In either embodiment of the present invention, the MR or ER fluid serves as the transmission fluid, transmitting power hydraulically from a positive displacement piston pump to a positive displacement piston motor, or to any other device capable of using hydraulic power. Further, the characteristics of the MR or ER fluid can be used to enable or disable the flow of the transmission fluid into or out of the cylinder. As such, the present invention does not require the use of mechanical valves to control the flow of the transmission fluid.

FIG. 1 is a perspective drawing of a radial piston pump of the present invention adapted for use with magnetorheological valving;

FIG. 2 is a cross sectional view of a valve adapted for use with magnetorheological transmission fluid for use in a piston pump of the present invention;

FIG. 3 is a cross sectional view of the valve of FIG. 2 together with a depiction of the magnetic field lines which are present when the valve is energized; and

FIG. 4 is a cross sectional view of a valve adapted for use with electrorheological transmission fluid for use in a piston pump of the present invention.

With respect to FIG. 1, a positive displacement piston unit 10 is shown adapted for use with MR transmission fluid. It should also be noted that the piston unit 10 may be a hydraulic pump or a motor. As shown in FIG. 1, the piston pump 10 may be arranged in a radial configuration. Alternatively, the piston pump 10 may be arranged in an axial or bent axis configuration, as is common in the art.

The piston pump 10 includes a housing 12 and a drive shaft 14. A bearing 16 is eccentrically mounted on shaft 14 and includes rolling elements 18 retained within an outer race 20. Bearing 16 is an antifriction bearing such as a ball bearing or a roller bearing, and rolling elements 18 comprise ball bearings or rollers. Housing 12 includes a plurality of bores 22. Cylinder pistons 24 fit within the bores 22 and ride against the outer race 20 of bearing 16. As the pump shaft 14 rotates, the eccentric bearing 16 gyrates about shaft 14, causing the pistons 24 to reciprocate in and out of the bores 22. This reciprocating motion of the pistons 24 draws fluid in through inlets 26, past valves 28, and into the bores 22. Fluid then leaves bores 22 through outlets 30 and past valves 32. An electronic controller (not shown) is associated with the pump shaft 14 and the valves 28 and 32, opening and closing check valves 28 and 32 as the shaft 14 rotates and drives the pistons 24 in and out of the bores 22.

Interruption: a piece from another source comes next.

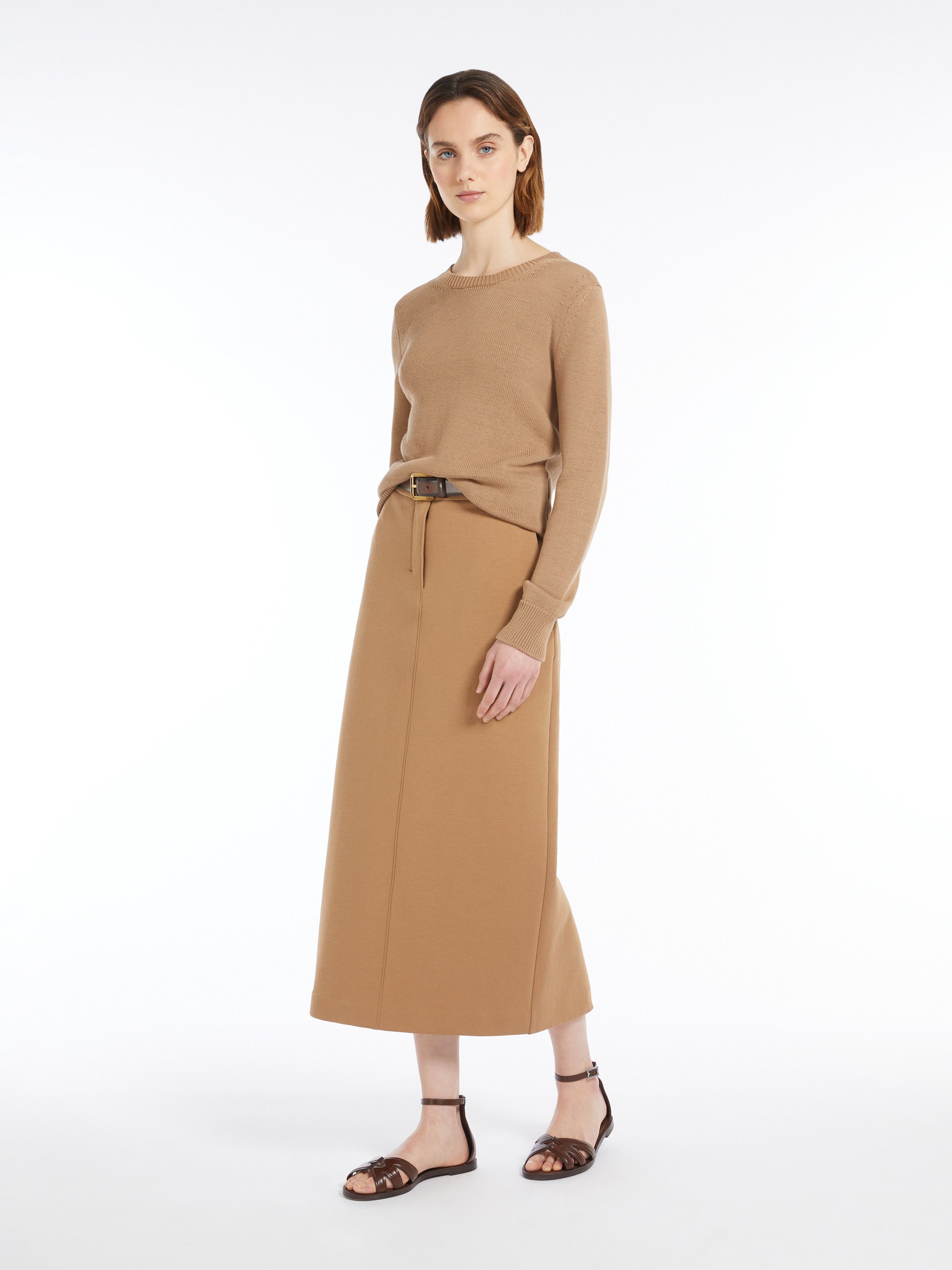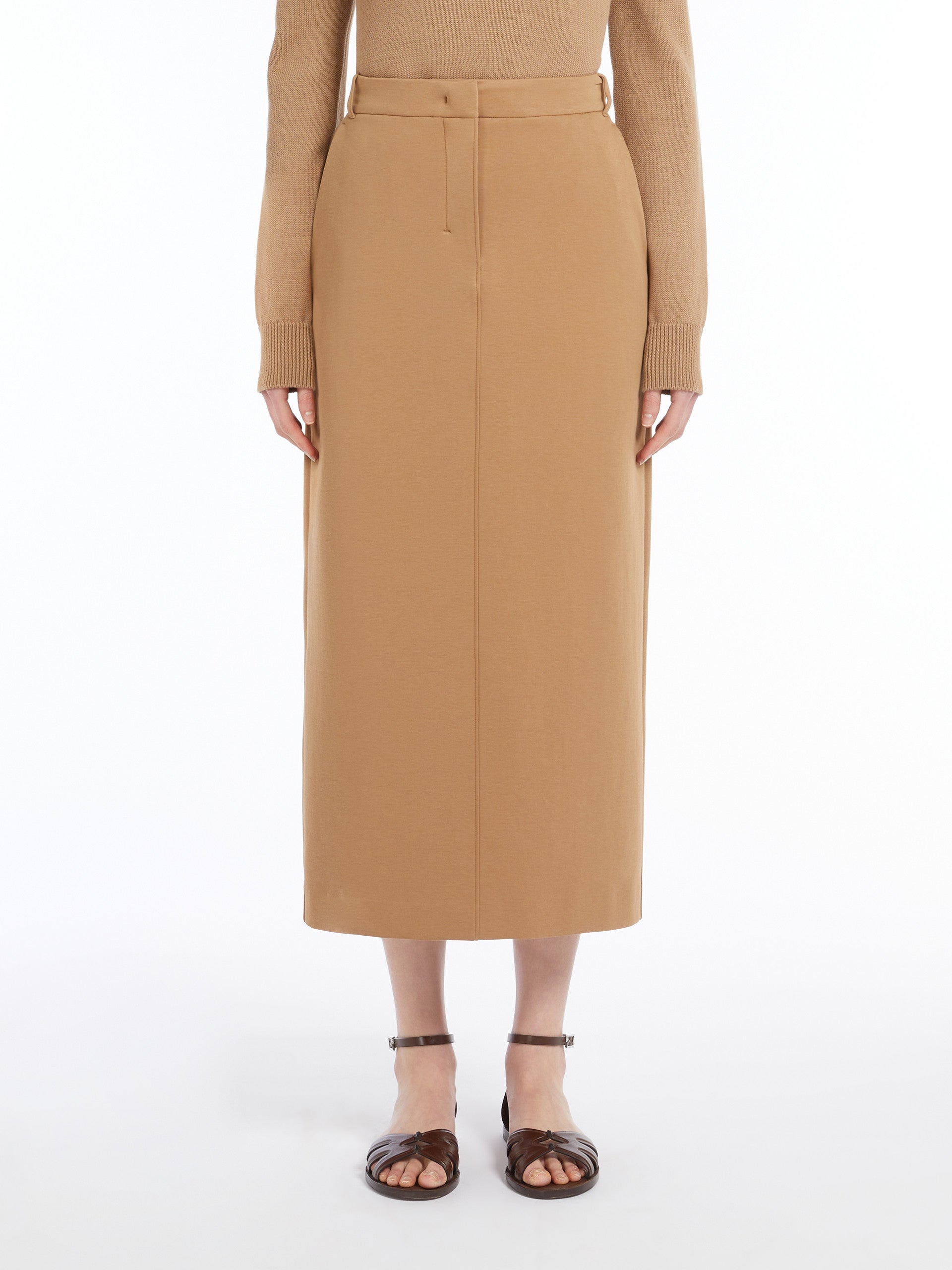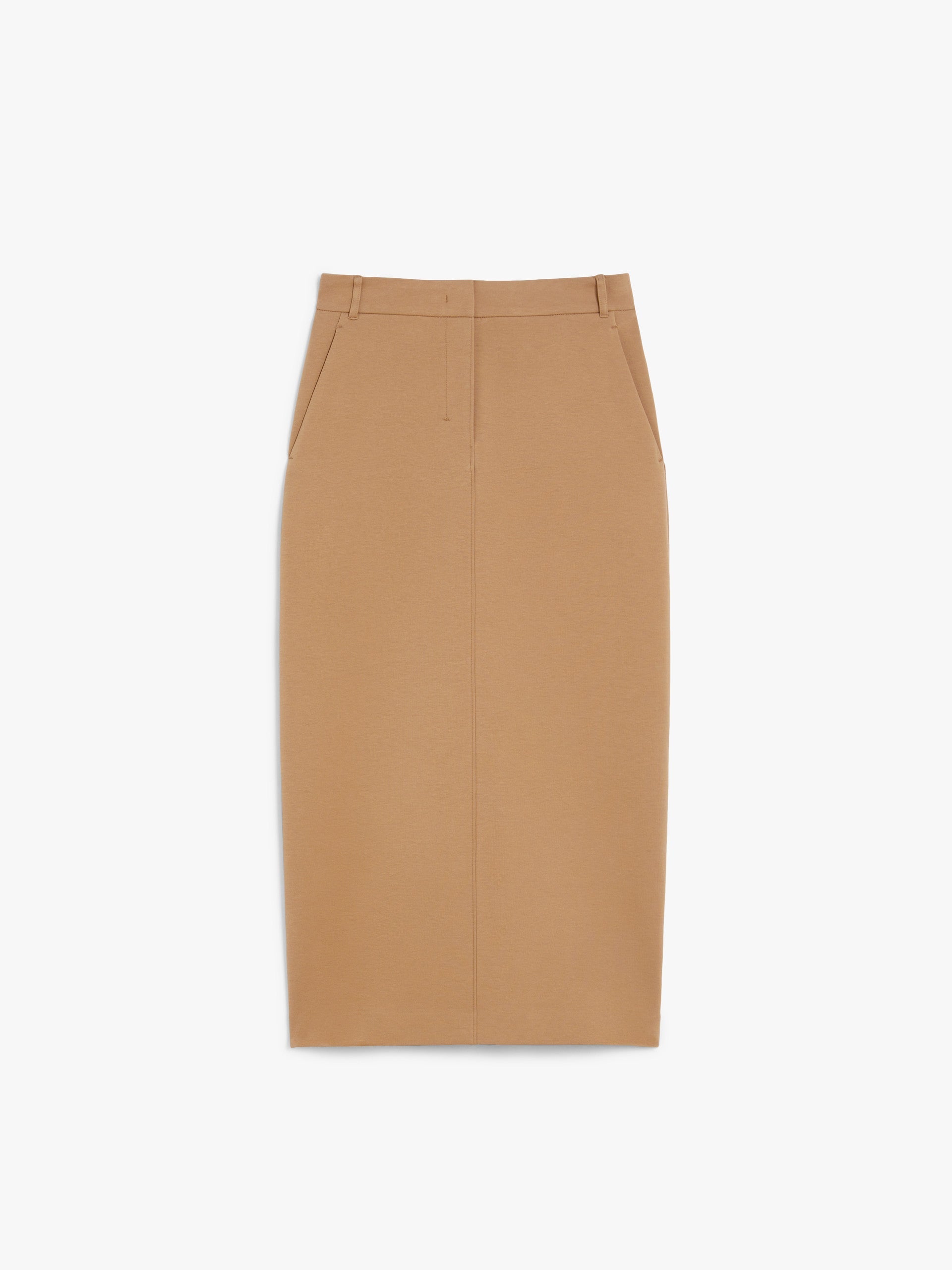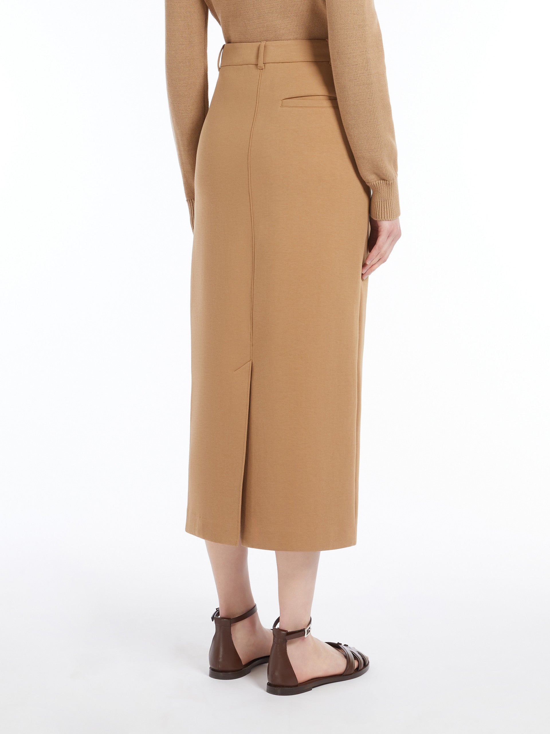 Midi pencil skirt in scuba jersey fabric featuring a central rear slit. Embellished with in-seam side pockets and a welt rear pocket. Front fastening with a high-cut waistband and fly-covered zip and hook-and-bar fastening.

As shown in FIG. 1 the pump shaft 14 and eccentric bearing 16 are disposed within a radial bore 29 within the housing 12. Additionally, the pistons 24 are disposed through the piston bores 26 and into the radial bore 29 to engage the outer race 20 of eccentric bearing 16. The inlets 26 are in fluid communication with the radial bore 29 such that fluid within the radial bore 29 flows directly into the inlets 26 into valve 28.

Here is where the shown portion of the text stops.